ML Workloads on HPC Systems
- ML Workloads on HPC Systems are dynamic, data-intensive tasks that integrate ML into scientific simulations and deep-learning model training.
- They leverage containerization, elastic resource management, and specialized accelerators to overcome traditional HPC limitations.
- They require advanced orchestration, robust monitoring, and adaptive scheduling to ensure optimal performance and operational efficiency.
Machine learning (ML) workloads have become an integral part of high-performance computing (HPC) environments, fundamentally altering system design, resource allocation, software infrastructure, data management strategies, and operational practices. The rise of ML within HPC has led to the development and adoption of new frameworks, benchmarks, and workflow orchestration systems, prompted changes in computing and storage architectures, and necessitated improvements in observability, robustness, and user accessibility.
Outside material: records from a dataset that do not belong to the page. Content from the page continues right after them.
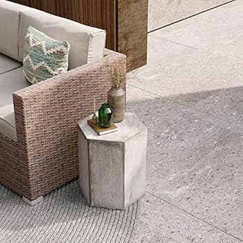 SUNBURY Outdoor Concrete Side Table, Patio Accent Table for Outside, 16″ Hexagon Outdoor Side Table, Outdoor End Table Concrete Outdoor Table Coffee Table in Distressed Grey White
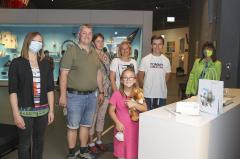 Zuerst eine Donauschifffahrt zur Walhalla, dann ab ins Haus der Bayerischen Geschichte: so sah der Ausflugstag von Familie Greil aus Runding im Landkreis Cham am Mittwoch, 5. August aus. Die Überraschung war groß, als Vater Marco an der Kasse als 100.000ster Besucher im Jahr 2020 und als 600.000ster seit der Eröffnung des Museums von Natascha Zödi-Schmidt, Leiterin des Referats Kommunikation im Haus der Bayerischen Geschichte in Empfang genommen wurde. Mit dabei beim Familienausflug waren Mutter Kathja, die 9-jährige Tochter Johanna, der 15-jährige Sohn Tobi und Sandra, die Schwester von Marco Greil. Ausgestattet wurde die Familie nicht nur mit Freikarten, sondern auch mit einem Geschenkpaket, das neben einigen Publikationen des Hauses der Bayerischen Geschichte den HdBG-Löwen sowie einen Gutschein für das Museumswirtshaus enthielt. So konnte die Familie ihren Besuch gleich auch noch kulinarisch abschließen. Marco Greil freute sich über den Zufall: „Es ist schön, dass ein Bayer hier überrascht worden ist als 600.000ster. Die Ausstellung hat uns super gefallen. Alleine wenn man schon hereinkommt und den Film sieht „Bayern vor 1800“ und dann geht man in die Ausstellung, das ist ein Erlebnis.“
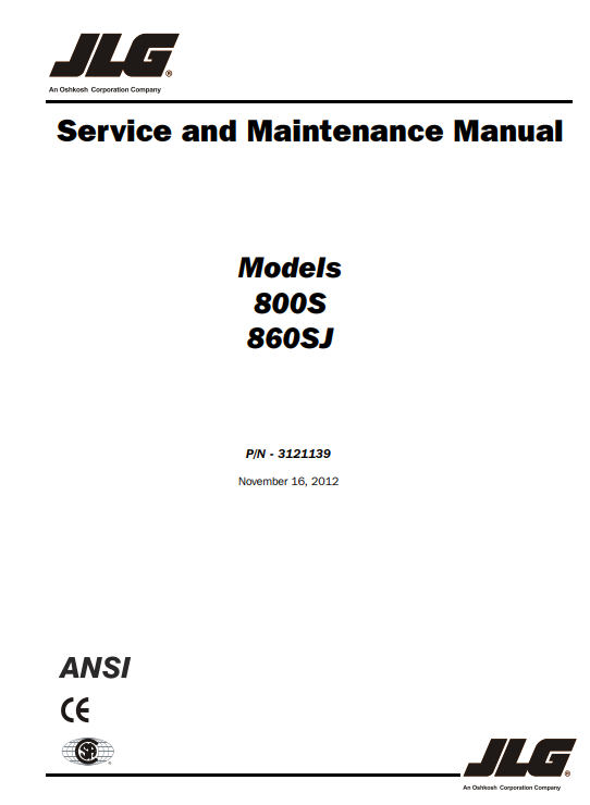 Compatible Model :JLG 800S, 860SJ Telescopic Boom Lift Service & Maintenance Manual
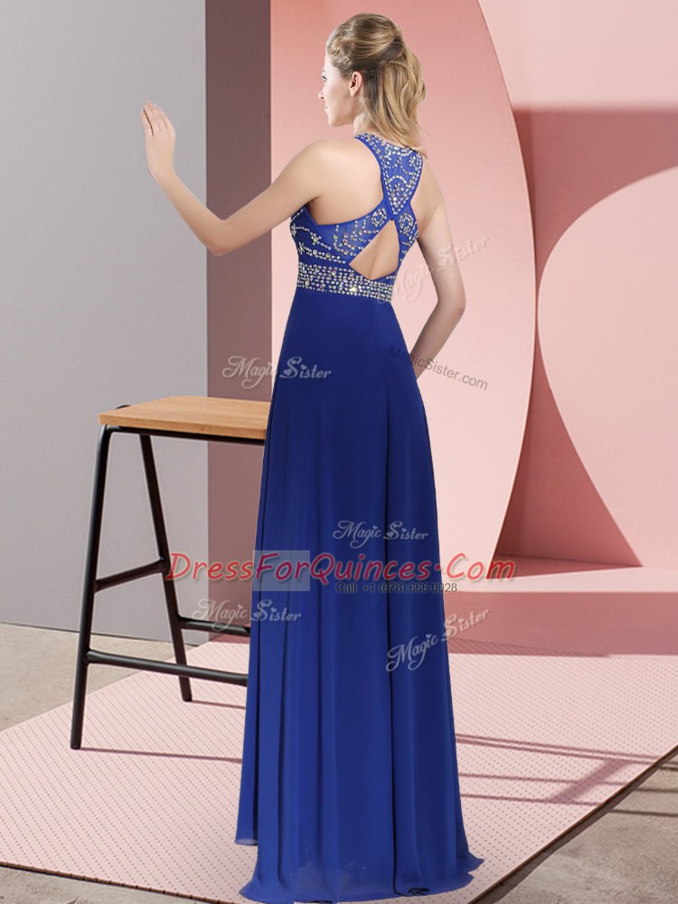 Sweep Train Empire Homecoming Dress Blue High-neck Satin Sleeveless Criss Cross
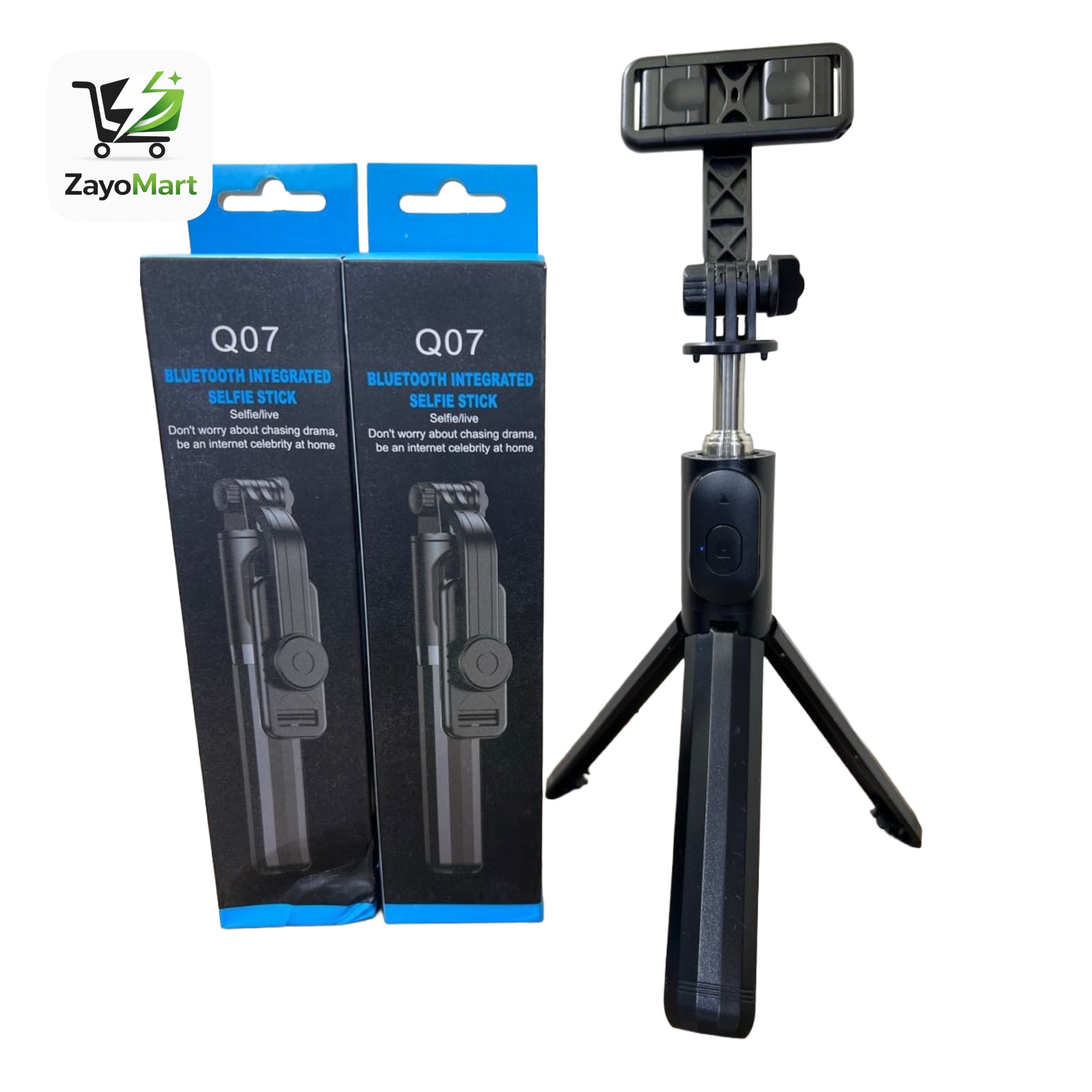 Upgrade your photography experience with the Q07 Bluetooth Integrated Selfie Stick – a 3-in-1 multifunction device designed for selfies, group photos, video recording, live streaming, and content creation.
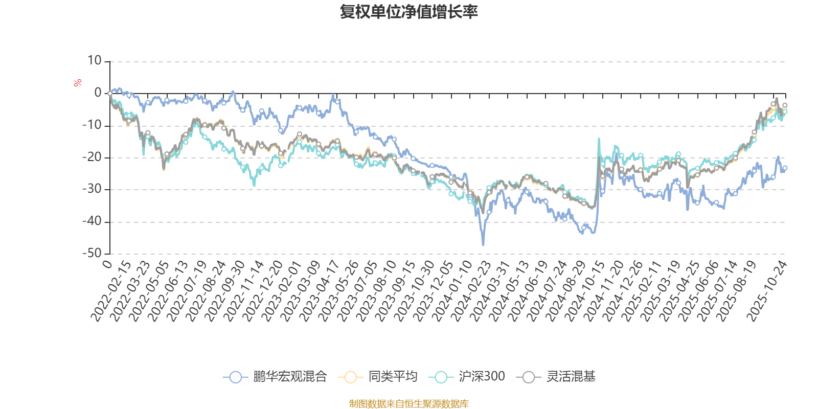 截至10月24日,鹏华宏观混合近三个月复权单位净值增长率为7.95%,位于同类可比基金782/1287;近半年复权单位净值增长率为16.38%,位于同类可比基金835/1287;近一年复权单位净值增长率为3.67%,位于同类可比基金1177/1287;近三年复权单位净值增长率为-18.59%,位于同类可比基金1206/1286。
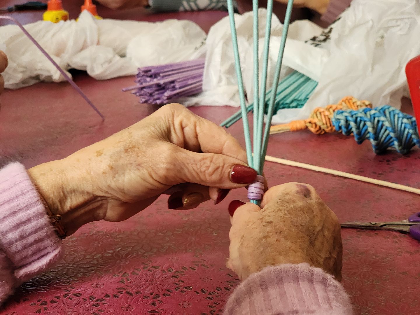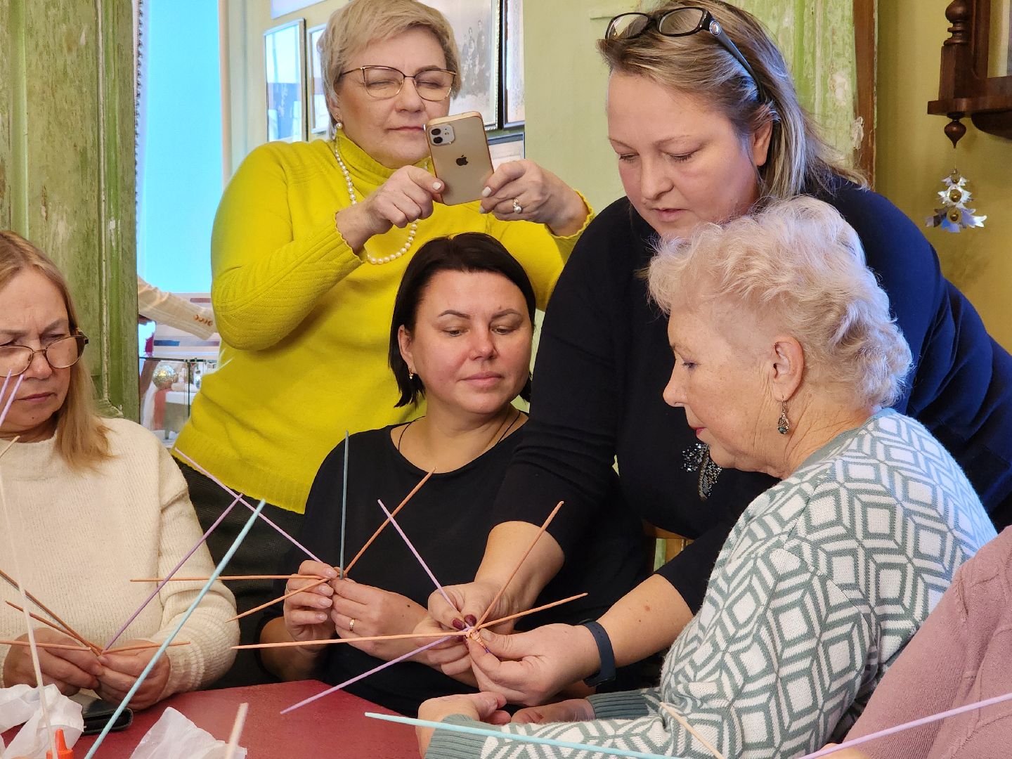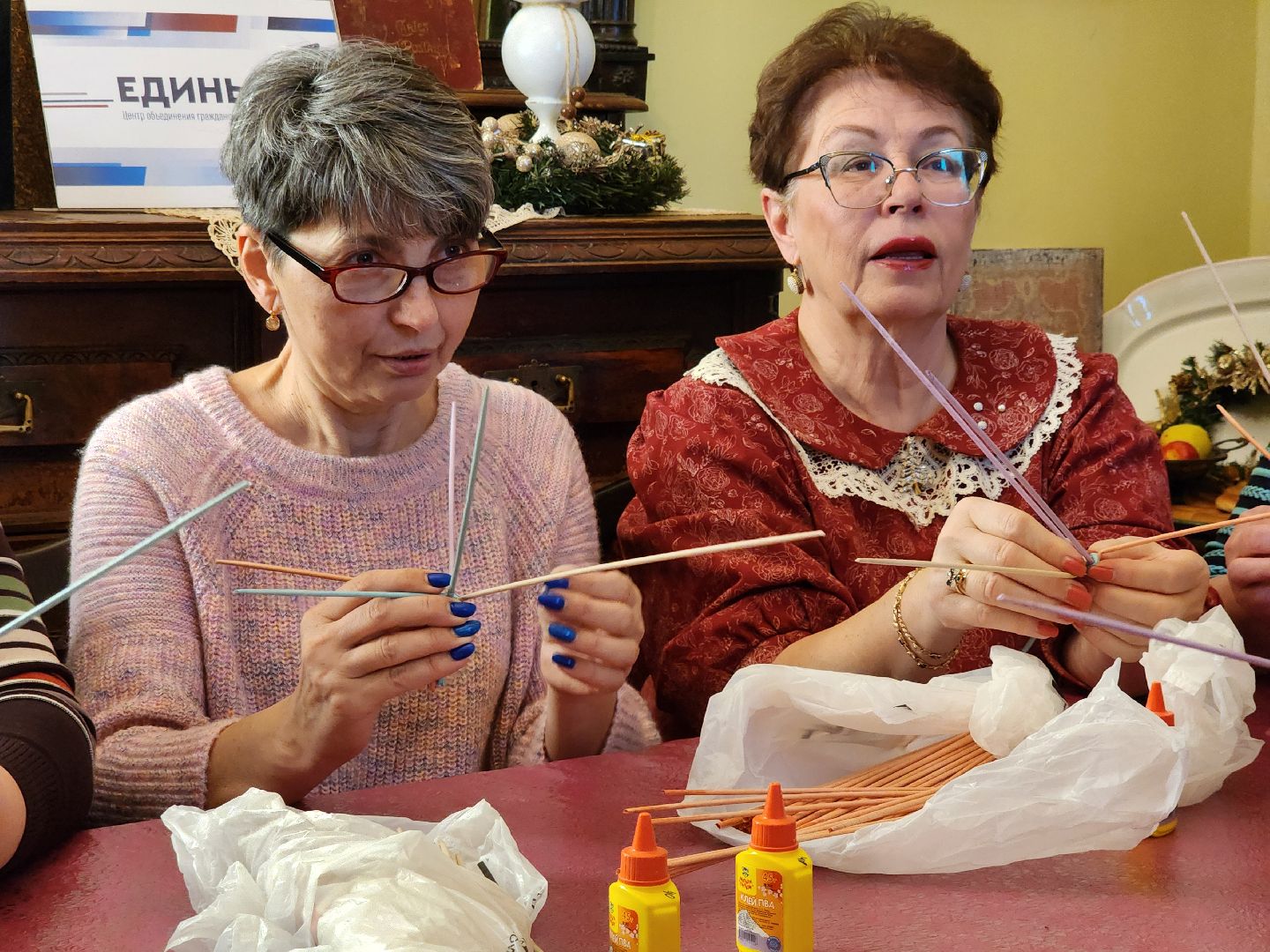 Игрушки создавались под руководством местной мастерицы Ольги Бессоновой, которая делилась своими знаниями о технике плетения и помогала в процессе работы. Она рассказала, как сделать лозу из ненужной бумаги, как покрасить ее и в итоге сделать украшение. Плетение из такой лозы даёт бумаге новую жизнь. Для этого понадобятся простые материалы: клей, бумага или старая газета, тонкая спица и краска.
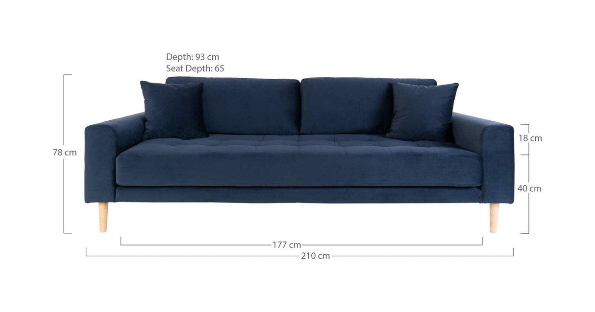 Lido 3-pers. Sofa, Mørkeblåt Velour
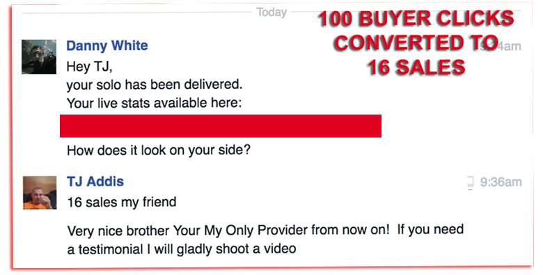 "This is crazy. I just checked my stats. 4 sales and 2 upgrades. Your list is awesome. This is by the far the most I've gotten from a solo ad. I'd like to buy out your entire inventory asap!"
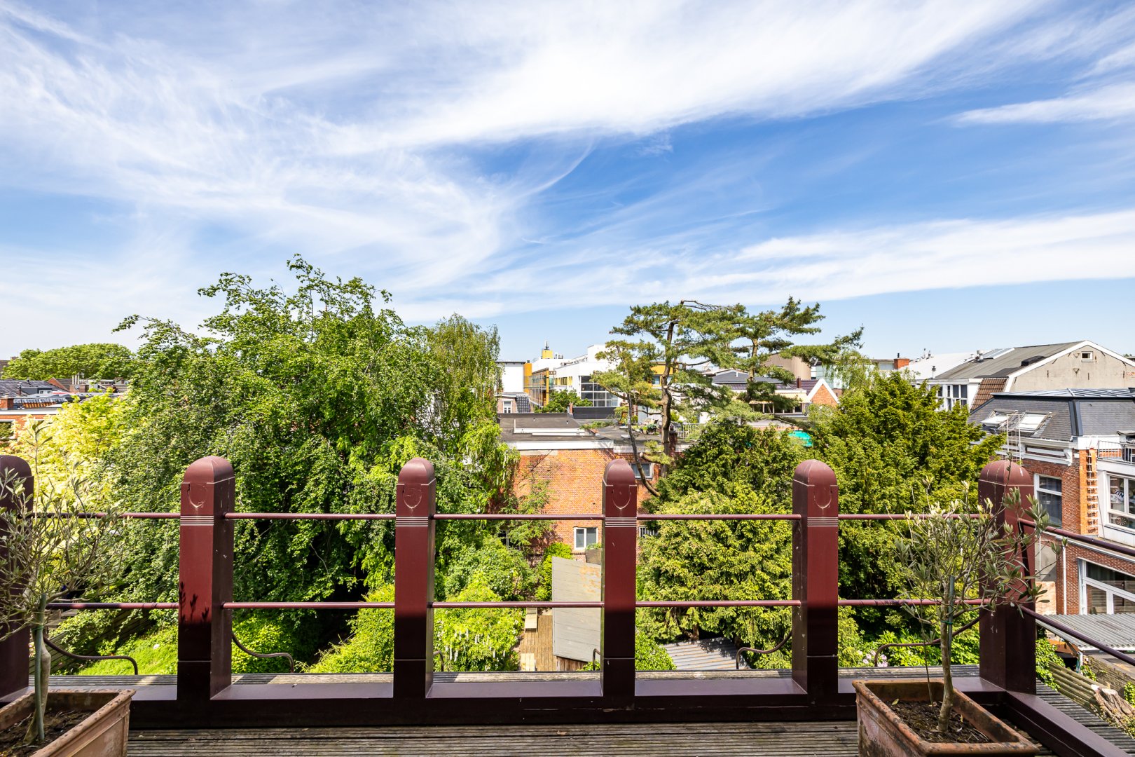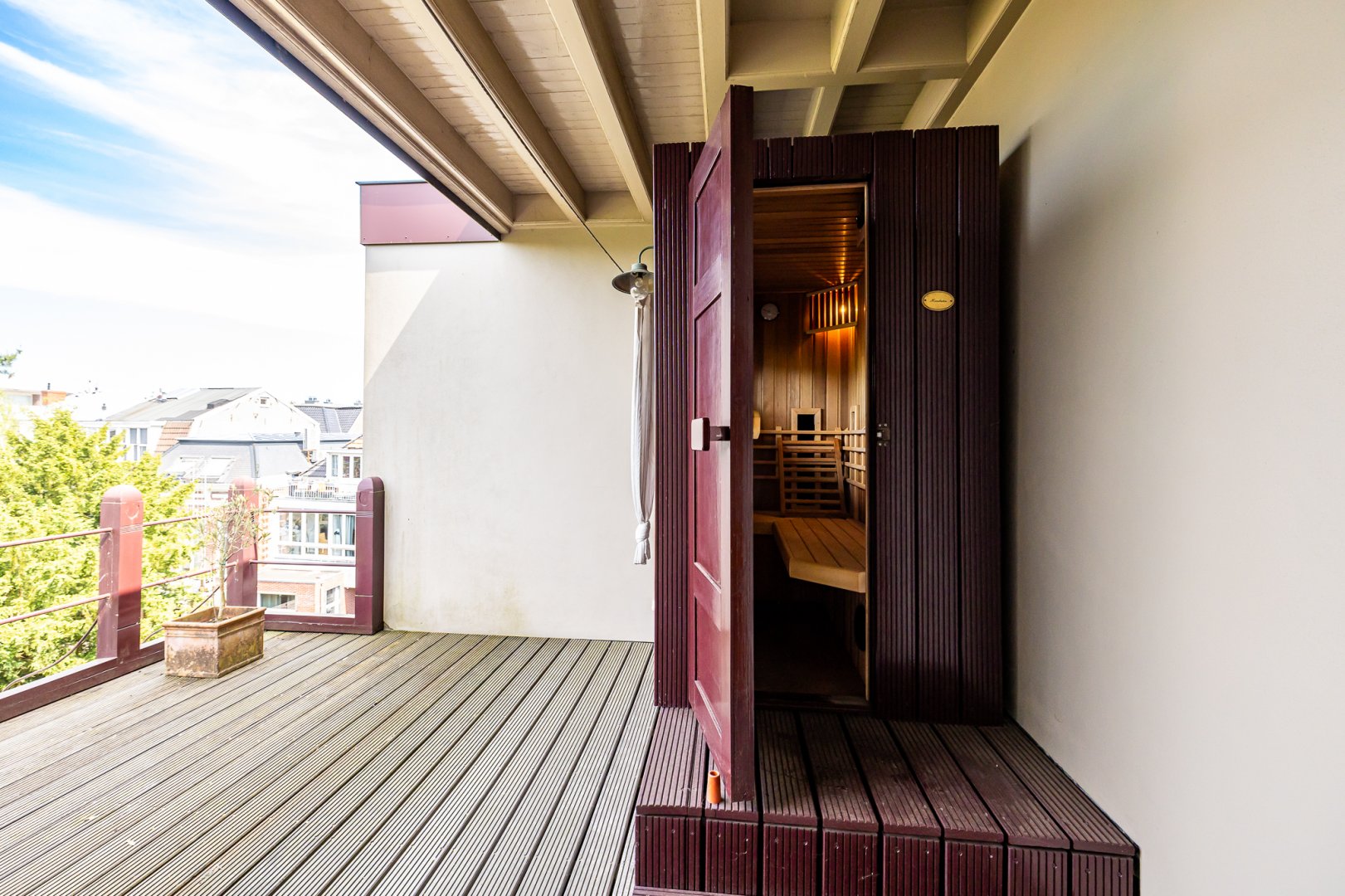 Op de achterzijde is een deels overdekt dakterras aanwezig met hierop een knusse sauna/infrarood cabine! Een plek om in alle luwte van de stad volledig tot rust te komen.
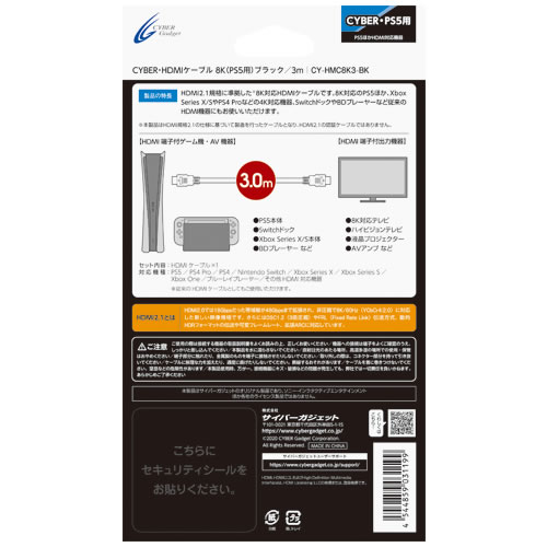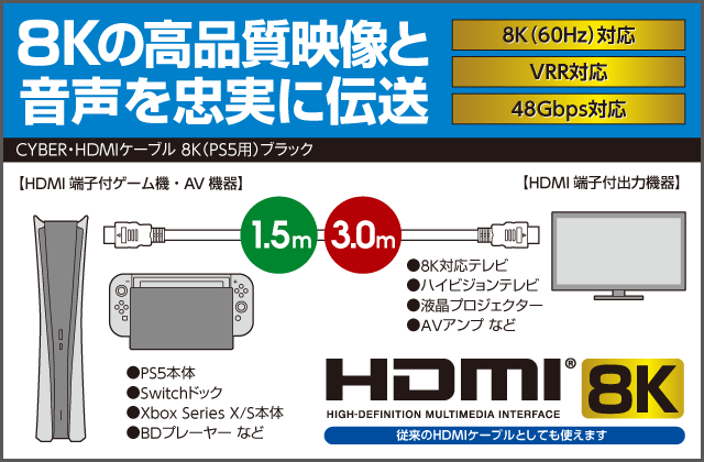 CYBER・HDMIケーブル 8K(PS5用)ブラック

1. Evolution and Definition of ML Workloads on HPC Systems
ML workloads on HPC systems encompass a spectrum ranging from training deep learning models on massive scientific datasets to integrating ML modules within simulation workflows for tasks like surrogate modeling, adaptive sampling, and automated data analysis. Unlike traditional simulation codes—which typically execute in batch, rely on large sequential file I/O, and demand rigid job scheduling—ML workloads exhibit requirements for fast iterative prototyping, dynamic resource usage, higher rates of short and interactive jobs, as well as diverse support for containerized and service-oriented applications (2108.02037, 2507.01880). This evolution compels the adaptation of classical HPC centers, which were optimized for tightly-coupled, long-running applications, to now support the flexible, dynamic, and data-intensive nature of ML.
The heterogeneity of ML workloads is further reflected in the need for specialized accelerators (GPUs, IPUs, CS-2, etc.), multi-modal data ingestion and storage pathways, and the integration of cloud-native orchestration solutions (e.g., Kubernetes), even within traditional supercomputing environments (2404.10536, 2507.01880).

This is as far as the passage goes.